* **What the task requires**
Print out the data exactly, keeping every image out of it.

* **Material shown**
_ _ _ _ _ _ _
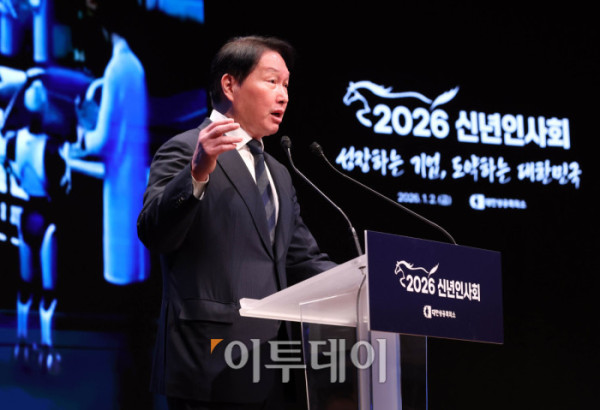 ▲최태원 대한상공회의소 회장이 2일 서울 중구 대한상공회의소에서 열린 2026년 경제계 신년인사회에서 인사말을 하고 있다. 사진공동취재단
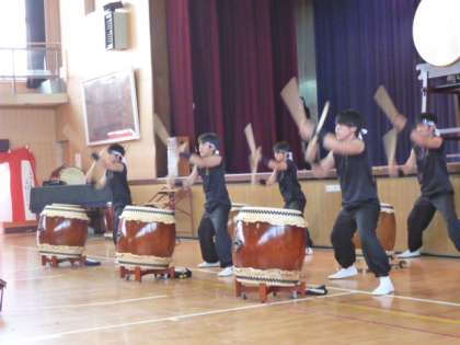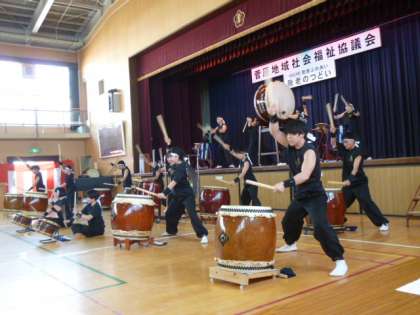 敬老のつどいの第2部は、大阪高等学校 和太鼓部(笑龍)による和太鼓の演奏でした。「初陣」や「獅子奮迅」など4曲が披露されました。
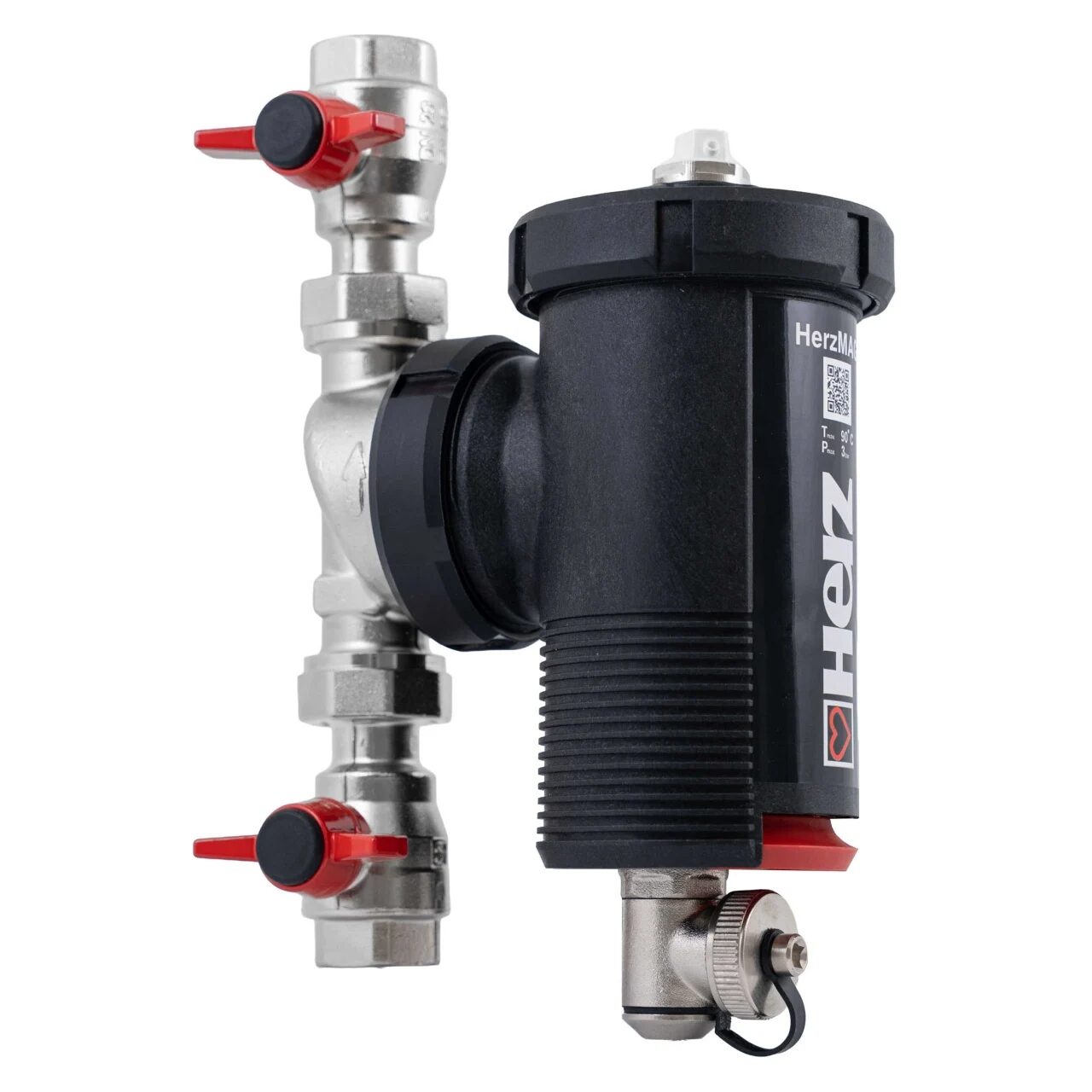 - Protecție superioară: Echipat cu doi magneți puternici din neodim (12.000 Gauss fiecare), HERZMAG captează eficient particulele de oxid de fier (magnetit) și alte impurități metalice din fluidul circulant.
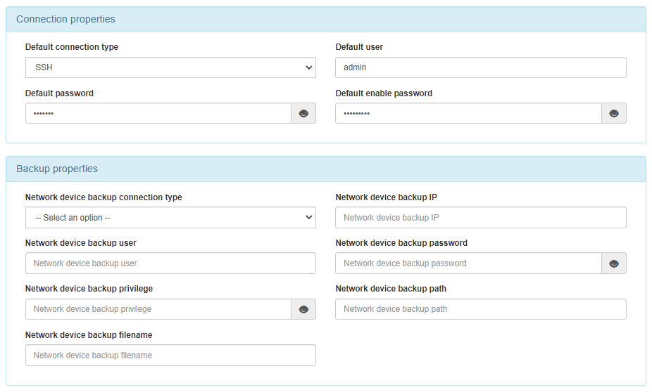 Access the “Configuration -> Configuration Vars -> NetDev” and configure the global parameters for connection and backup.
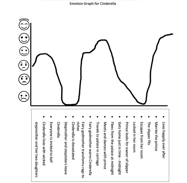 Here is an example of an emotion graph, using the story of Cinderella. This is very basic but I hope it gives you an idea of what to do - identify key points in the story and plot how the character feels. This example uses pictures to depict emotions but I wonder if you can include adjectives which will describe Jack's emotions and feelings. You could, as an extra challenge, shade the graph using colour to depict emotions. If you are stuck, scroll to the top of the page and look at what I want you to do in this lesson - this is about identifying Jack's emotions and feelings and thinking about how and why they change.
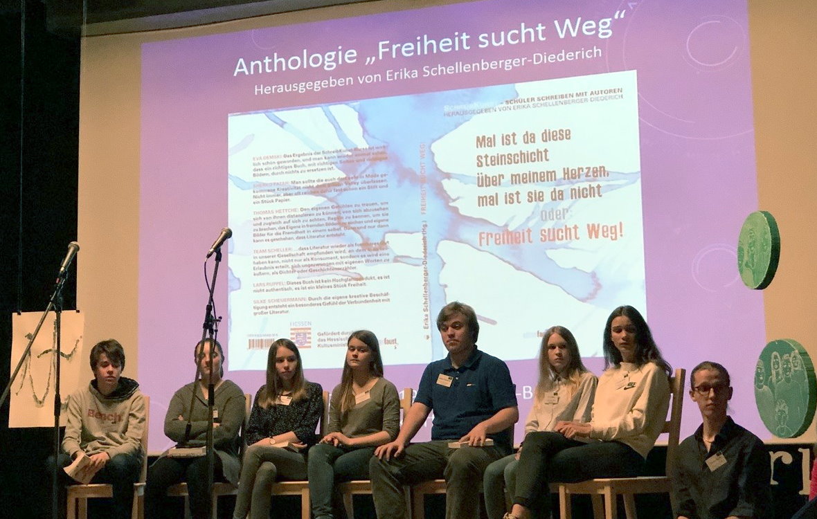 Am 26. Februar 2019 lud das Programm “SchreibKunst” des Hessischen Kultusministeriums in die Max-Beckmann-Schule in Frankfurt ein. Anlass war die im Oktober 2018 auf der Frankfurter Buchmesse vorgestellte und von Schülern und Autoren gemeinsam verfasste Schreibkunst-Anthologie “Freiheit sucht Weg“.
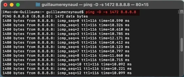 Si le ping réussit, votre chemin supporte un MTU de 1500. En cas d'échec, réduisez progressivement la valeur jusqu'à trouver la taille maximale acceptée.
_ _ _ _ _ _ _
* **Result**
 ▲최태원 대한상공회의소 회장이 2일 서울 중구 대한상공회의소에서 열린 2026년 경제계 신년인사회에서 인사말을 하고 있다. 사진공동취재단
 敬老のつどいの第2部は、大阪高等学校 和太鼓部(笑龍)による和太鼓の演奏でした。「初陣」や「獅子奮迅」など4曲が披露されました。
 - Protecție superioară: Echipat cu doi magneți puternici din neodim (12.000 Gauss fiecare), HERZMAG captează eficient particulele de oxid de fier (magnetit) și alte impurități metalice din fluidul circulant.
 Access the “Configuration -> Configuration Vars -> NetDev” and configure the global parameters for connection and backup.
 Here is an example of an emotion graph, using the story of Cinderella. This is very basic but I hope it gives you an idea of what to do - identify key points in the story and plot how the character feels. This example uses pictures to depict emotions but I wonder if you can include adjectives which will describe Jack's emotions and feelings. You could, as an extra challenge, shade the graph using colour to depict emotions. If you are stuck, scroll to the top of the page and look at what I want you to do in this lesson - this is about identifying Jack's emotions and feelings and thinking about how and why they change.
 Am 26. Februar 2019 lud das Programm “SchreibKunst” des Hessischen Kultusministeriums in die Max-Beckmann-Schule in Frankfurt ein. Anlass war die im Oktober 2018 auf der Frankfurter Buchmesse vorgestellte und von Schülern und Autoren gemeinsam verfasste Schreibkunst-Anthologie “Freiheit sucht Weg“.
 Si le ping réussit, votre chemin supporte un MTU de 1500. En cas d'échec, réduisez progressivement la valeur jusqu'à trouver la taille maximale acceptée.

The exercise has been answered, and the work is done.